# [ACTIVITY]
Working from the top of the records below, reproduce each line exactly, ending once you have written the line containing "2. 选择安全模式,可能会遇到英文的安全模式如阶图1选择安全模式".
*** Opening DATA UNDER STUDY ***
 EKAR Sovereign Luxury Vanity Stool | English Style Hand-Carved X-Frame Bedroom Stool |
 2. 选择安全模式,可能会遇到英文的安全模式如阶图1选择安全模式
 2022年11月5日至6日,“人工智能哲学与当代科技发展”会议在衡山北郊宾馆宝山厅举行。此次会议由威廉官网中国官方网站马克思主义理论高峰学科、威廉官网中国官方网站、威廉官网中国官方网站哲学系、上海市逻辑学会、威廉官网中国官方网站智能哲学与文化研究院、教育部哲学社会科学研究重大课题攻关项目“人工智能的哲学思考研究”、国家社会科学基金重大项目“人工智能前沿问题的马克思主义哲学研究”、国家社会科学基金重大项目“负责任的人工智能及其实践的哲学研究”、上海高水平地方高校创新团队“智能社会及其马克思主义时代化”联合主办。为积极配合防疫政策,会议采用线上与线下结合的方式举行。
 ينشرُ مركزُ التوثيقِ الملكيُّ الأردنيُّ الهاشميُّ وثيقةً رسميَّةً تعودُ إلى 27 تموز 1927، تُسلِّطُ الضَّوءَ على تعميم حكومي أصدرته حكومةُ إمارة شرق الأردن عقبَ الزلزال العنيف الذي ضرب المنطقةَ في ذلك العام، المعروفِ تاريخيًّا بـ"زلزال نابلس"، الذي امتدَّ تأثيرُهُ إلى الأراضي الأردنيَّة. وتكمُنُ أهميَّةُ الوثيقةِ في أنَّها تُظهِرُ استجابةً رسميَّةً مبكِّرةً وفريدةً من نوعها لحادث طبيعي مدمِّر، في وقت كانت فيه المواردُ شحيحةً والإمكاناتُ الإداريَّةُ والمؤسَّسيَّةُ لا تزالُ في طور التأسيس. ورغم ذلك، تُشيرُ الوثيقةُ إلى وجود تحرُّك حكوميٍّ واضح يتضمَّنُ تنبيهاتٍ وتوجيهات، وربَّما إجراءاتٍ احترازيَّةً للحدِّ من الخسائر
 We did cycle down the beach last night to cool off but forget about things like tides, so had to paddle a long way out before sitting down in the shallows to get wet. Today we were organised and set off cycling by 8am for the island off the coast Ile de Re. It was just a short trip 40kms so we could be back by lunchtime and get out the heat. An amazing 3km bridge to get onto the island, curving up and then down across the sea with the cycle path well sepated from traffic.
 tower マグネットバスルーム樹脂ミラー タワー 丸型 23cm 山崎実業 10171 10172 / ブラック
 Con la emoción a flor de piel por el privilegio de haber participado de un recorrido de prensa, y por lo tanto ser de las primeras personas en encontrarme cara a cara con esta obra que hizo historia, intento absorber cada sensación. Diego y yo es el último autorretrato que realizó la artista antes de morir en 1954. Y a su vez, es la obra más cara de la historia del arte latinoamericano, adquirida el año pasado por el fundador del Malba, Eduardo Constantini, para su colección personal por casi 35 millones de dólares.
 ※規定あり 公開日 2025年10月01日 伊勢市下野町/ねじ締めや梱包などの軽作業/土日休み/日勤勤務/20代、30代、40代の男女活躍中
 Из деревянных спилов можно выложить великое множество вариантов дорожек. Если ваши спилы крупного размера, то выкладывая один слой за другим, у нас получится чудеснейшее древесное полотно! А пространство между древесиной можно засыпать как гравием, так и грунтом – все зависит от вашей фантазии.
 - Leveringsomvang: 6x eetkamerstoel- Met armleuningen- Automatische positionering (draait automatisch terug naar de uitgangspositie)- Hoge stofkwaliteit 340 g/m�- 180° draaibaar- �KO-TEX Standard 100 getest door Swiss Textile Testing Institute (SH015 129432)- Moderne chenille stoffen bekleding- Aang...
*** Closing DATA UNDER STUDY ***
# [ANSWER FOR THE TASK]
 EKAR Sovereign Luxury Vanity Stool | English Style Hand-Carved X-Frame Bedroom Stool |
 2. 选择安全模式,可能会遇到英文的安全模式如阶图1选择安全模式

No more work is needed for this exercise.